━━ DATASET SECTION

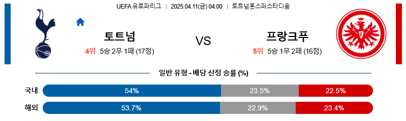 토트넘 대 프랑크푸르트 UEFA유로파리그 04월11일 맞대결 생중계, 스포츠중계, 스포츠분석
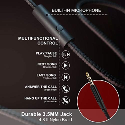 【Durable and folding design】These headphones with microphone in bright colors are built meticulously with strong and sturdy plastic for long-lasting resilience and durability. Premium 1.5m nylon braiding cord doesn’t tangle or kink, suitable for adults and childrens . Lightweight and foldable design make these wired headphones easy to put into your package and take along anywhere.
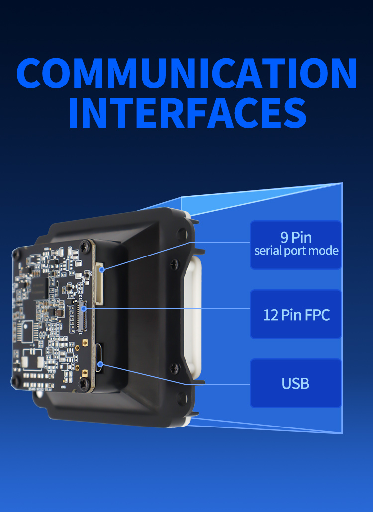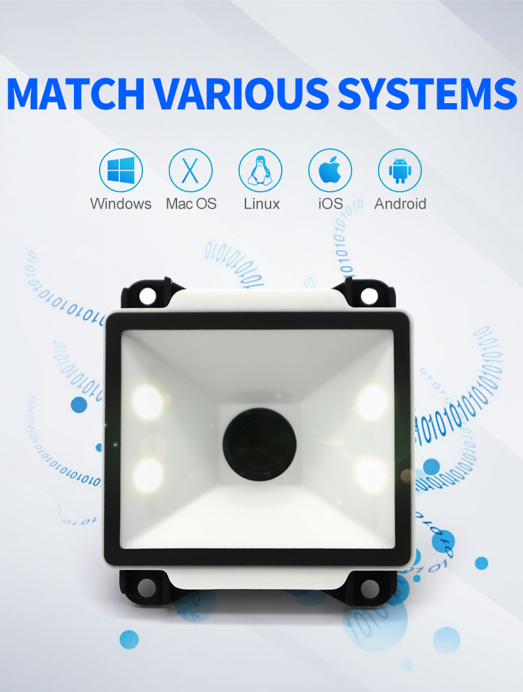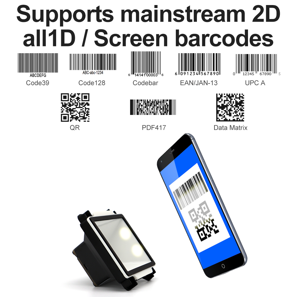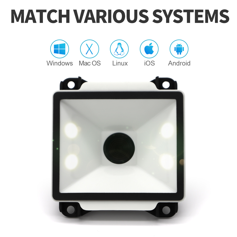| Depth of field | QR 10.83mil (8 bytes) 2cm - 6cm Code128 5.83mil (15 bytes) 3.5cm - 5cm Code28 10.83mil (16 bytes) 5cm - 12cm Wechat payment one-dimensional code 3cm - 20cm Wechat payment QR code 3cm - 30cm | ||||||

━━━━

THE TASK =
Retype exactly, please, the span from the line holding "take along anywhere." through the closing line of the data, both ends included, without the pictures.

RESPONSE TO THIS TASK =
 【Durable and folding design】These headphones with microphone in bright colors are built meticulously with strong and sturdy plastic for long-lasting resilience and durability. Premium 1.5m nylon braiding cord doesn’t tangle or kink, suitable for adults and childrens . Lightweight and foldable design make these wired headphones easy to put into your package and take along anywhere.
| Depth of field | QR 10.83mil (8 bytes) 2cm - 6cm Code128 5.83mil (15 bytes) 3.5cm - 5cm Code28 10.83mil (16 bytes) 5cm - 12cm Wechat payment one-dimensional code 3cm - 20cm Wechat payment QR code 3cm - 30cm | ||||||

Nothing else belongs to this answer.